VARDAMAN — A dry September put a damper on Mississippi sweet potato production, but the rain in early October may help the crop remaining in the field.
Stephen Meyers, sweet potato specialist with the Mississippi State University Extension Service, said sweet potato fields received about an inch of rain Oct. 3.
“We’re optimistic that this rain will help size up the storage roots, but because of muddy conditions, producers will probably be out of the field for two days, and then resume harvest,” Meyers said.
Soil conditions when the crop was transplanted in May and June resulted in a mixed bag of yield and quality for Mississippi’s sweet potatoes.
“The transplant conditions go a long way to determine what kind of crop it will be, and Mississippi growers set transplants into everything from mud to hot, dry soil,” Meyers said.
The U.S. Department of Agriculture estimated almost half the state’s sweet potatoes were in good condition by the end of September; 30 percent were fair and 22 percent were excellent. The crop was 41 percent harvested by that point, making it slightly behind a normal harvest schedule.

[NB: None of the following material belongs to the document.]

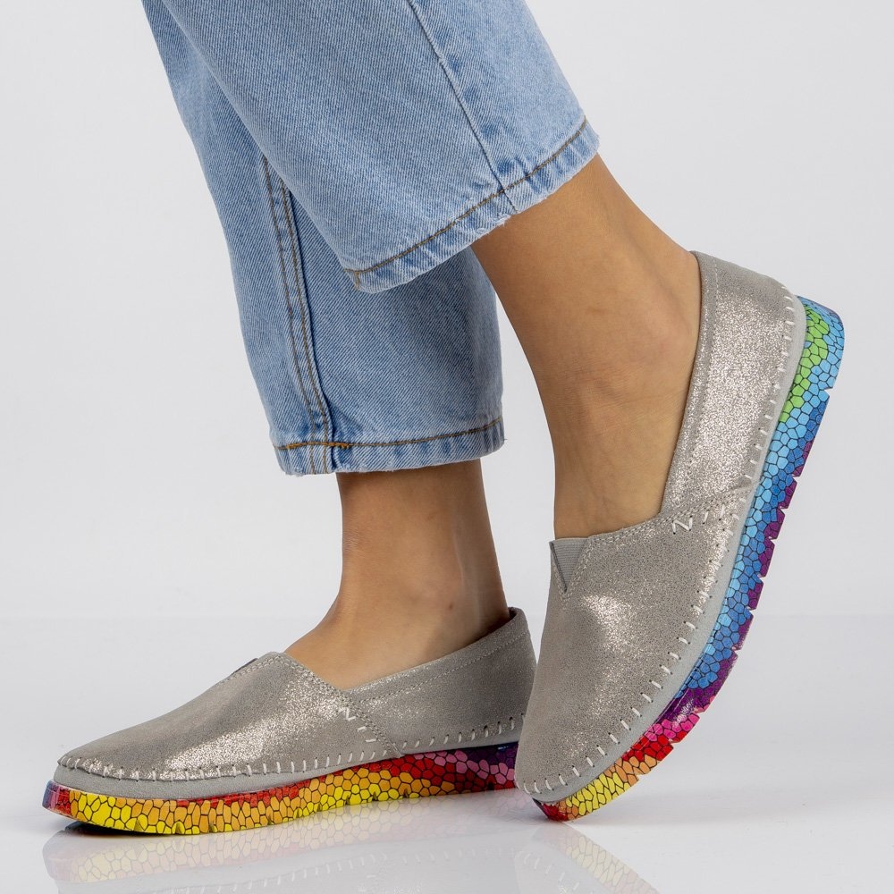 Wnętrze butów wyłożone jest materiałem, a wkładka wykonana ze skóry naturalnej sprawia, że stopy mogą cieszyć się komfortem przez cały dzień. Cholewka o wysokości 6 cm pięknie podkreśla nogi, a neutralny, srebrny kolor doskonale komponuje się z różnorodnymi stylizacjami — od casualowych po bardziej eleganckie.

The bulk of Mississippi’s sweet potato production is grown within a 40-mile radius of Vardaman in Calhoun County. Coming off excellent yields in 2013, producers increased planted acreage 22 percent to 22,500 acres this year, but weather conditions did not allow a bin-busting crop.
“We had a cooler year, especially in July, so we probably lost some growing days,” Meyers said. “Because we had fairly consistent rainfall throughout the season, there weren’t long periods when the crop was just sitting there, waiting for rain.”
The rain dried up in August, and the crop was mostly dry through September. This limited the size of the potatoes.
“Most of our growers could use some rain right now to help size up the roots that are still in the field and to soften up the soil to reduce the skinning on what’s being harvested now,” he said.
Benny Graves, executive director of the Mississippi Sweet Potato Council, said the crop being harvested is beautiful but small. Producers have not pushed to harvest quickly and are trying to allow time for a rain to fall.
“It would take 2 inches of rain to make a difference,” Graves said. “If we get that rain, they’ll push pretty hard to harvest quickly and hope the size improves some.”
When harvest continues into November, producers run the risk of losing some of the crop when cold rains make fields too muddy for harvest.
“This year we were about 10 days to two weeks late getting started on harvest, so we’ll need every day of October to dig them out,” Graves said.
This year saw many sweet potato growers employ a crop rotation system with sorghum.
“We know grain sorghum is not a big money-maker, but it is excellent for nematode control, and that benefits sweet potatoes,” he said. “If you have a general farm plan and can include some grain sorghum, you will improve your sweet potato yields the next time they grow on that field.”
Beauregard has long been the main variety grown in Mississippi, but this year, the new variety Orleans has gained a lot of ground.
“Some of our highest-quality and highest-yielding fields so far this year have been Orleans,” Graves said. “Orleans is a Beauregard-type sweet potato, and you can’t tell a flavor difference between the two.”
Alba Collart, Extension agricultural economist, said 2014 Mississippi sweet potato prices are up from last year’s.
“Sweet potatoes from Mississippi, including different varieties and grades, have been sold at an average wholesale price of $21.60 per 40-pound carton,” Collart said. “In 2013, sweet potatoes from Mississippi, including different varieties and grades, were sold at an average wholesale price of $16.30 per 40-pound carton.”